● Data
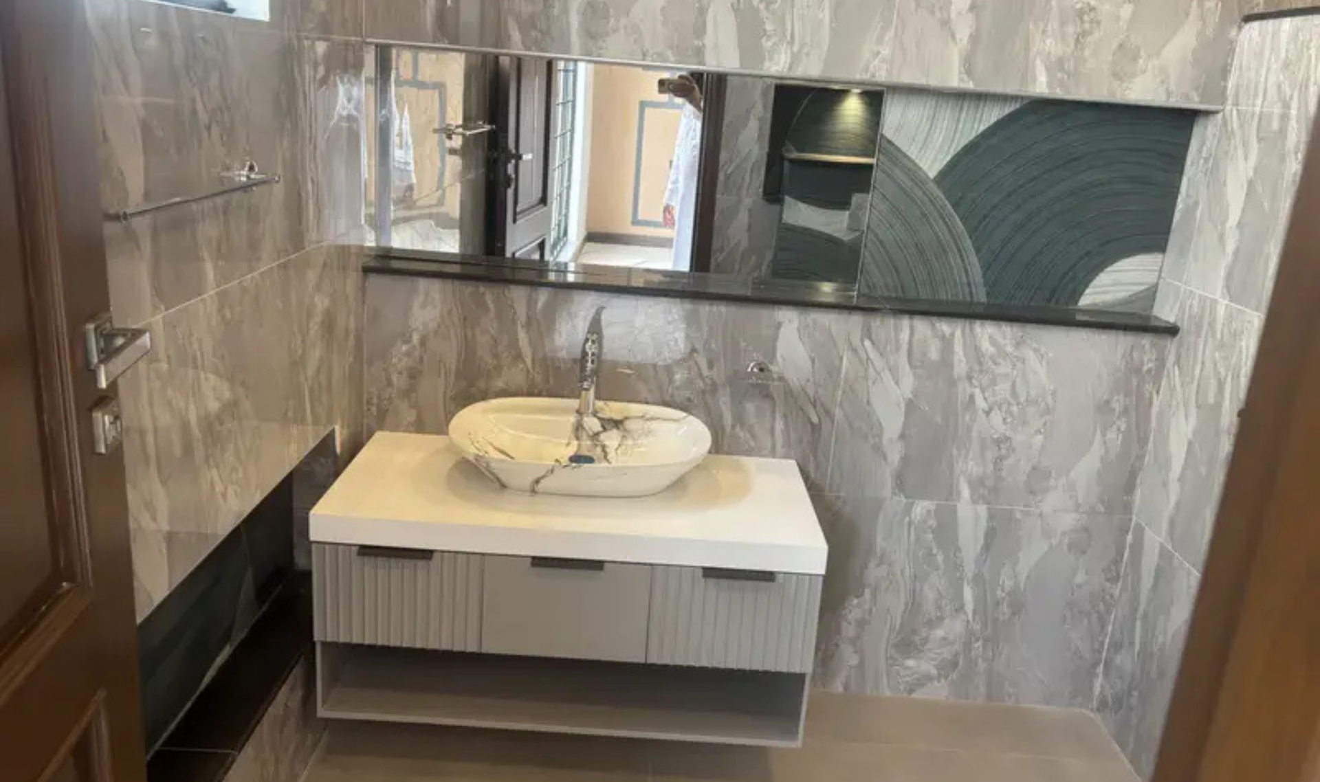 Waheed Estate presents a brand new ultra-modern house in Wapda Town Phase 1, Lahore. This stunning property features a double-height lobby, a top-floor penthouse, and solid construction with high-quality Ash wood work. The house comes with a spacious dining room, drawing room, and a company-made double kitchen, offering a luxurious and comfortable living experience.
* * *
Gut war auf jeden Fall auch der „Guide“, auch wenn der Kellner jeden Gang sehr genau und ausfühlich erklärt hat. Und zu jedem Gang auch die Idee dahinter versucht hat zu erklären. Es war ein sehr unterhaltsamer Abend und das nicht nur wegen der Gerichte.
==
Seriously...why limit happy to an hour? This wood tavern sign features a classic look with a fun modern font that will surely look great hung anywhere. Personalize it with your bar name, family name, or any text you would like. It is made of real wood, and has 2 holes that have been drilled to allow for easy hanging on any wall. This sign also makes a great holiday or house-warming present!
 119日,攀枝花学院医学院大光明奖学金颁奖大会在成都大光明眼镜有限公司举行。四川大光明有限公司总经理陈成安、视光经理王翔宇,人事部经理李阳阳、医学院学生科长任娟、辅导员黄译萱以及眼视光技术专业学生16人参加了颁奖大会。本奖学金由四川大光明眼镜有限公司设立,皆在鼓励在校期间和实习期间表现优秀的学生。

● Problem details
Set down, from the entries above, exactly the lines from the one with "Seriously...why limit happy" up to and including the one with "119日,攀枝花学院医学院大", and no other lines.

● Written response
Seriously...why limit happy to an hour? This wood tavern sign features a classic look with a fun modern font that will surely look great hung anywhere. Personalize it with your bar name, family name, or any text you would like. It is made of real wood, and has 2 holes that have been drilled to allow for easy hanging on any wall. This sign also makes a great holiday or house-warming present!
 119日,攀枝花学院医学院大光明奖学金颁奖大会在成都大光明眼镜有限公司举行。四川大光明有限公司总经理陈成安、视光经理王翔宇,人事部经理李阳阳、医学院学生科长任娟、辅导员黄译萱以及眼视光技术专业学生16人参加了颁奖大会。本奖学金由四川大光明眼镜有限公司设立,皆在鼓励在校期间和实习期间表现优秀的学生。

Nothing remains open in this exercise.